Cutting the Dendrogram

To obtain a specific number of clusters, the dendrogram can be cut at a certain height, which corresponds to the desired number of clusters. The resulting clusters are the leaves of the tree below the cut, and the height of the cut corresponds to the similarity threshold used to define the clusters.

Pseudocode and Implementation Details

The pseudocode for Hierarchical Clustering is as follows:

Input: Data points D, Distance measure dist, Linkage method link
Output: Dendrogram T

1. Initialize each data point as a separate cluster
2. Compute the pairwise distances between all clusters
3. While there is more than one cluster:
      a. Compute the similarity between all pairs of clusters using the specified linkage method
      b. Merge the two most similar clusters into a single cluster
      c. Recompute the pairwise distances between the new cluster and all remaining clusters
      d. Update the dendrogram with the new cluster and the similarity between the merged clusters
4. Return the dendrogram T

The implementation of Hierarchical Clustering can be done using various programming languages such as Python, R, and MATLAB. There are also many libraries and packages available that provide pre-implemented functions for Hierarchical Clustering.

Examples and Use Cases

Gene Expression Analysis

Hierarchical Clustering is widely used in gene expression analysis to identify genes that are co-expressed under certain conditions or in specific tissues. The technique can help to identify functional gene modules and to understand the underlying regulatory mechanisms.

Image Segmentation

Hierarchical Clustering can be used for image segmentation by grouping similar pixels into regions or objects. The technique has been used in various applications such as object recognition, face detection, and texture analysis.

Market Research

Hierarchical Clustering can be used in market research to segment customers based on their behavior, preferences, and demographics. The technique can help to identify customer segments with distinct needs and to develop targeted marketing strategies.

Social Network Analysis

Hierarchical Clustering can be used in social network analysis to identify groups of individuals with similar attributes or behaviors. The technique can help to understand the structure and dynamics of social networks and to detect communities and sub-communities.

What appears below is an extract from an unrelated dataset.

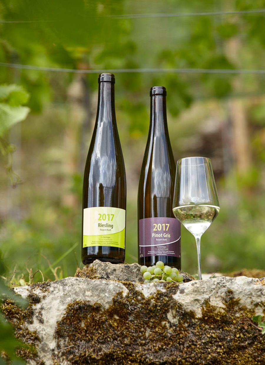In 2007 hat der Eigentümer in Rosport 30 Ar Land in den Hängen der Hoelt erstanden um dort einen Weinberg anzulgen. 2009 wurde Riesling angepflanzt und 2010 Grauburgunder. Seit 2016 gibt es auch eine Auxerroisanlage. Insgesamt beträgt die von mir bewirtschaftete Fläche rund 31 Ar. Die Hangneigung beträgt zwischen 10% und 40% (in Schnitt 30%). Der Riesling befindet teilweise auf Terassen, wo die Bewirtschaftung nur manuell per Hand erfolgen kann.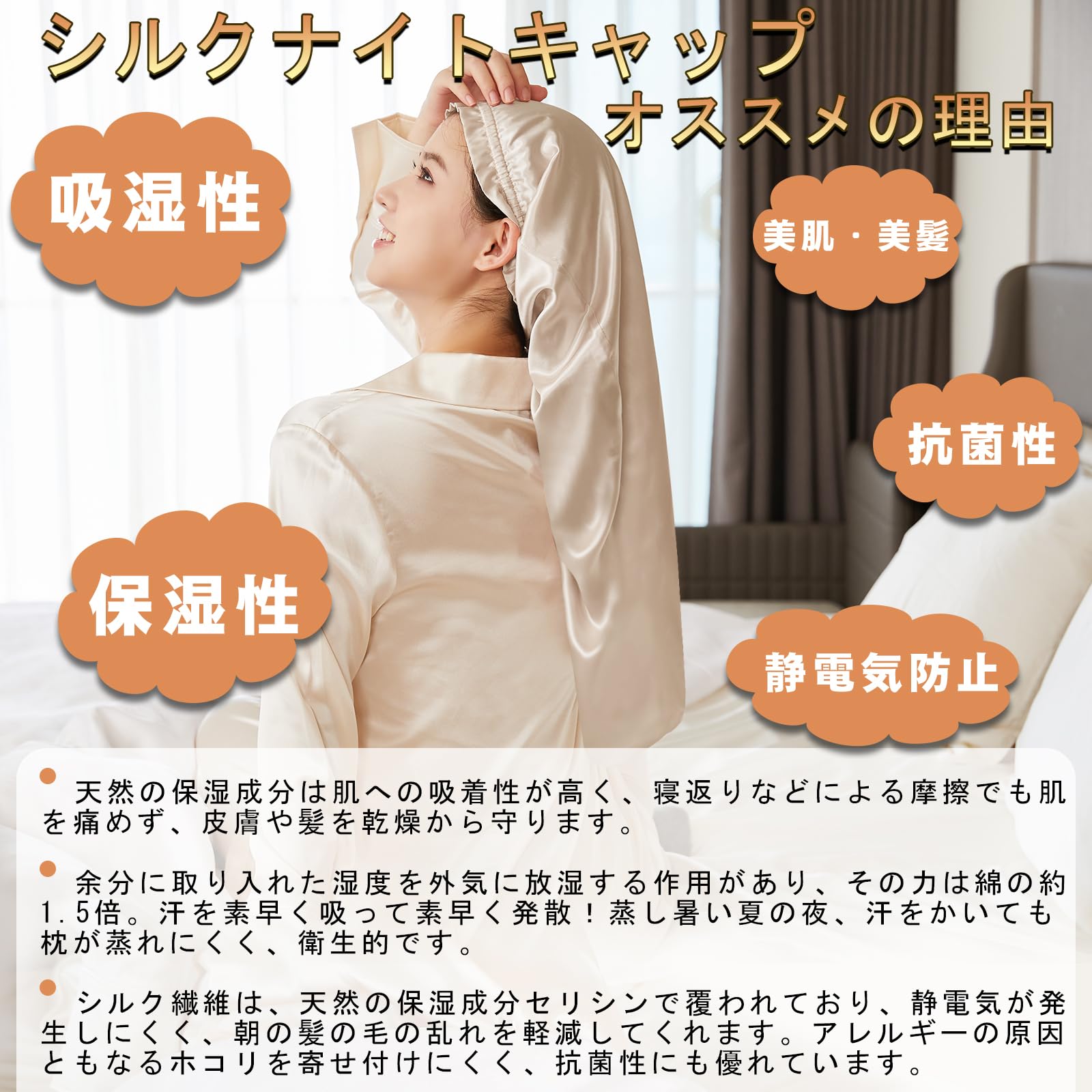 シルクは古代から愛用され、人間の肌と同じタンパク質でできているシルクの素材は真珠のような光沢、吸湿性と放湿性に優れている、紫外線を吸収できるというメリットがあります。 シルク製のナイトキャップ は、保湿性能も高く、頭皮や髪の乾燥を防いでつややかな美髪をサポート。

Advantages and Disadvantages


  • Hierarchical Clustering does not require the number of clusters to be specified in advance, making it a flexible and adaptable technique.
  • The resulting dendrogram provides a visual representation of the relationship between data points and clusters, which can aid in interpretation and understanding.
  • Hierarchical Clustering can handle different types of data and distance measures, making it a versatile technique that can be applied to various applications.
  • The algorithm can be used in combination with other clustering techniques to refine or validate the results.


  • Hierarchical Clustering can be computationally intensive for large datasets, especially when using distance measures that require a lot of computation.
  • The choice of distance measure and linkage method can have a significant impact on the results, and different choices may lead to different clustering outcomes.
  • The dendrogram can be difficult to interpret when the number of data points or clusters is large, and it may require additional analysis and visualization techniques to extract meaningful insights.

Divisive Clustering

Divisive Clustering is the opposite of Hierarchical Clustering, where instead of merging clusters, the algorithm recursively divides the data into smaller sub-groups based on a dissimilarity measure. The technique can be more computationally efficient than Hierarchical Clustering for large datasets, but it requires the number of clusters to be specified in advance.

Density-Based Clustering

Density-Based Clustering is a technique that identifies clusters based on regions of high density in the data space. The algorithm can handle clusters of different shapes and sizes and is robust to noise and outliers. The most commonly used density-based clustering technique is DBSCAN (Density-Based Spatial Clustering of Applications with Noise).